Question

A firm is hired by a small town to estimate the proportion of large trucks that are carrying hazardous materials on the main highway through the town. Of 350 randomly selected trucks, 87 were carrying hazardous materials. Is there evidence at the 5% level that the proportion of large trucks carrying hazardous materials is less than 30%?

A. No, since the p-value of the one-sided test is less than 5%.
B. Yes, since the sample proportion is less than 30%
C. The sample size is too small to make a determination.
D. Yes, since the p-value of the one-sided test is less than 5%.
E. No, since the sample proportion is larger than 5%

Answer 1

D. Yes, since the p-value of the one-sided test is less than 5%.

Explanation:

Test if there is evidence that the proportion of large trucks carrying hazardous materials is less than 30%.

At the null hypothesis, we test that this proportion is of 30%, that is:

`H_0: p = 0.3`

At the alternate hypothesis, we test if this proportion is less than 30%, that is:

`H_1: p < 0.3`

The test statistic is:

`z = (X - \mu)/((\sigma)/(√(n)))`

In which X is the sample mean,
`\mu` is the value tested at the null hypothesis,
`\sigma` is the standard deviation and n is the size of the sample.
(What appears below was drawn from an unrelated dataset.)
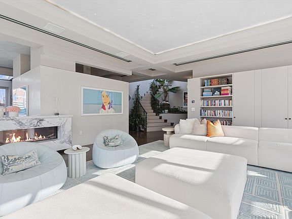 A key-locked elevator delivers you directly into an immense great rooman airy, greenhouse-like space anchored by a sculptural anthracite stone and glass gas fireplace. Eleven-foot glass walls rise and angle into skylights that sweep around the perimeter, infusing the living and dining areas with an ever-shifting play of sunlight. The adjacent south-facing office, insulated by pocket doors, provides a comfortable extension of the entertaining spaces. A refined powder room sits quietly off the entry gallery.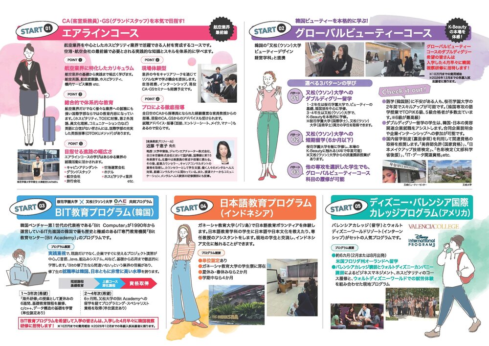 桜花学園大学 国際学部では、2027年度より皆さんの「学びのデザイン」をさらに広げる、新しい教育プログラムが次々と始まります。 韓国、アメリカ、インドネシア、そして日本国内。自分の「好き」を極め、世界や社会で活躍するための新しいステージをご紹介します。

0.3 is tested at the null hypothesis:

This means that
`\mu = 0.3, \sigma = √(0.3*0.7)`

Of 350 randomly selected trucks, 87 were carrying hazardous materials.

This means that
`n = 350, X = (87)/(350) = 0.2486`

Value of the test statistic:

`z = (X - \mu)/((\sigma)/(√(n)))`

`z = (0.2486 - 0.3)/((√(0.3*0.7))/(√(350)))`

`z = -2.1`

P-value of the test and decision:

The p-value of the test is the probability of finding a sample proportion below 0.2486, which is the p-value of z = -2.1.

Looking at the z-table, z = -2.1 has a p-value of 0.0179.

The p-value of the test is 0.0179 < 0.05, which means that there is evidence at the 5% level that the proportion of large trucks carrying hazardous materials is less than 30%. Thus, the correct answer is given by option D.